Toutefois, la Cour assortit cette validation de deux conditions strictes visant à préserver l’équilibre contractuel et à protéger l’agent. D’une part, « l’obligation de rembourser la commission doit être strictement proportionnée à l’ampleur de l’inexécution du contrat ». Toute clause qui imposerait un remboursement supérieur à la part du contrat non exécutée serait considérée comme abusive et donc nulle. D’autre part, et de manière fondamentale, cette obligation de remboursement est entièrement écartée si l’inexécution du contrat est imputable au commettant. Cette seconde condition, qui fait l’objet de la troisième question préjudicielle, constitue le cœur du dispositif de protection de l’agent.
II. L’appréciation extensive de l’imputabilité de l’inexécution au commettant
La Cour de justice adopte une définition particulièrement large de la notion de « circonstances imputables au commettant », en rejetant une analyse purement formelle de la rupture du contrat (A) pour imposer au juge national une investigation complète des faits (B).
A. Le rejet d’une analyse purement juridique de la cause d’inexécution
La Cour était interrogée sur le point de savoir si l’imputabilité au commettant devait s’apprécier au regard des seules « circonstances de droit conduisant directement à la cessation du contrat » ou si elle devait inclure le comportement factuel du commettant ayant provoqué l’inexécution par le tiers. La Cour opte résolument pour la seconde approche, considérant qu’une interprétation restrictive serait contraire aux objectifs de la directive, notamment la protection de l’agent et l’exigence de bonne foi.

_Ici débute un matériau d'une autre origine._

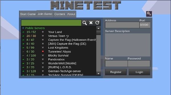 Minetest手机版简单实用的开源沙盒游戏是一款十分受欢迎的开源工具,软件功能十分强大,用户通过这款MeTest可以快速完成开源文件分享操作,并且还拥有各种实用小工具等你体验,对游戏感兴趣的话不妨点击下载试一试!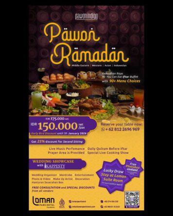 GERBANGPATRIOT.COM, YOGYAKARTA – Menyambut bulan suci Ramadan yang akan datang, Loman Park Hotel Yogyakarta menghadirkan program bertajuk “Pawon Ramadan” yang menggabungkan tradisi kuliner, perencanaan pernikahan, dan pengalaman spiritual. Hotel beraroma arsitektur Jawa ini bekerja sama dengan Ikappesty (Ikatan Perancang Pesta Tradisional Yogyakarta) untuk menyajikan Wedding Showcase di tengah suasana berbuka puasa yang hangat.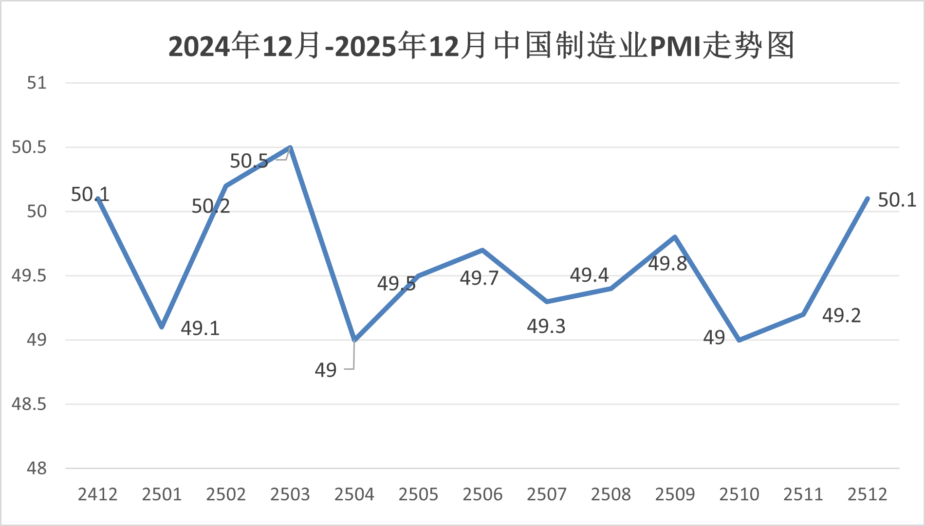 國家統計局服務業調查中心、中國物流與采購聯合會發布的2025年12月份中國制造業采購經理指數(PMI)為50.1%,比上月上升0.9個百分點。

Elle juge qu’une « définition étroite de la notion de “circonstances imputables au commettant” […] ne serait pas conforme auxdits objectifs ». S’en tenir à la cause juridique immédiate de la rupture, comme le non-paiement des primes par le client, sans en rechercher la cause profonde, permettrait au commettant de se prévaloir d’une situation qu’il a lui-même provoquée. La Cour refuse ainsi que le commettant puisse, par son comportement fautif ou déloyal, entraîner l’inexécution du contrat par le tiers et ensuite exiger de l’agent le remboursement d’une commission. La protection de l’agent serait illusoire si le commettant pouvait ainsi échapper à ses obligations en invoquant une défaillance du tiers qu’il a lui-même orchestrée.

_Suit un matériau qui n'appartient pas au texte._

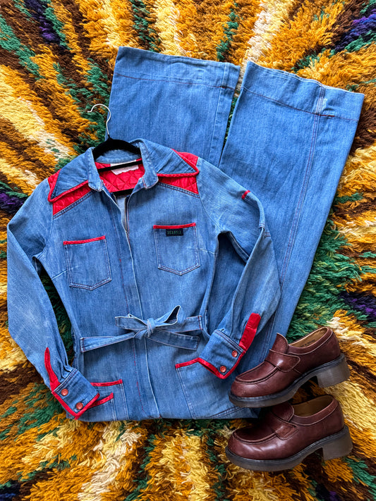 VINTAGE 1970S SCUTTLE COTTON DENIM WIDE LEG JUMPSUIT XS

B. L’instauration d’une obligation d’examen factuel global à la charge du juge national
En définissant largement la notion de circonstances imputables, la Cour confère un rôle central au juge national. Celui-ci ne peut plus se contenter de constater la cause juridique de l’extinction du contrat conclu avec le tiers. Il doit au contraire rechercher les raisons sous-jacentes de cette inexécution afin de déterminer si la responsabilité en incombe, en réalité, au commettant.

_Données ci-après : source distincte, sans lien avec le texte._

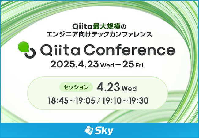 Sky株式会社は、2025年4月23日(水)~4月25日(金)にオンラインで開催される、Qiita株式会社主催のオンラインイベント「Qiita Conference 2025」にダイヤモンドスポンサーとして協賛いたします。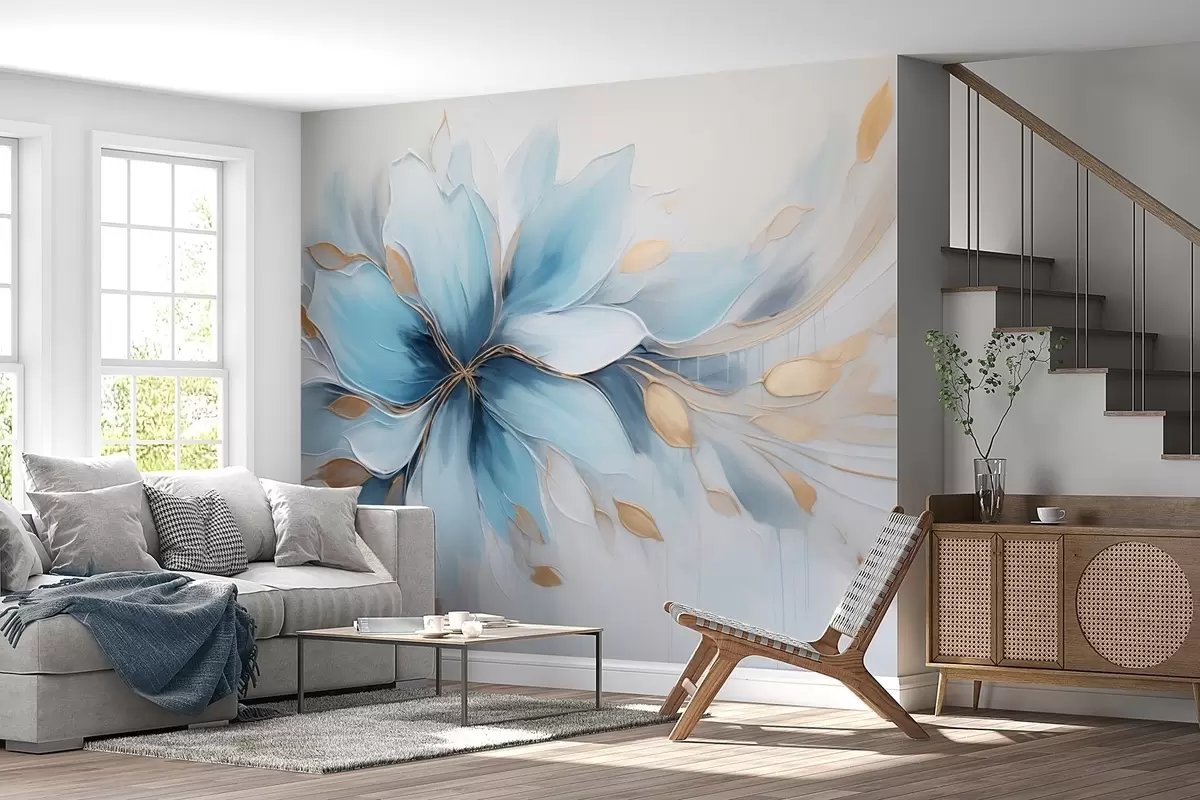 Fototapet Abstrakt blå blomma av lugn med blad Nr. w09500

La Cour précise ainsi qu’il appartient à la juridiction de renvoi « de prendre en considération l’ensemble des faits de l’espèce, au-delà du seul manquement des assurés à leur obligation de payer les cotisations ». La notion de « circonstances imputables au commettant » doit donc s’entendre comme visant « toutes les circonstances de droit et de fait imputables au commettant, qui sont à l’origine de l’inexécution de ce contrat ». Cette solution renforce considérablement la position de l’agent commercial, en lui permettant de prouver, par tout moyen, que la défaillance du client trouve sa source dans le comportement de son propre mandant. Elle concrétise l’obligation de loyauté et de bonne foi que l’article 4 de la directive impose au commettant dans ses rapports avec l’agent.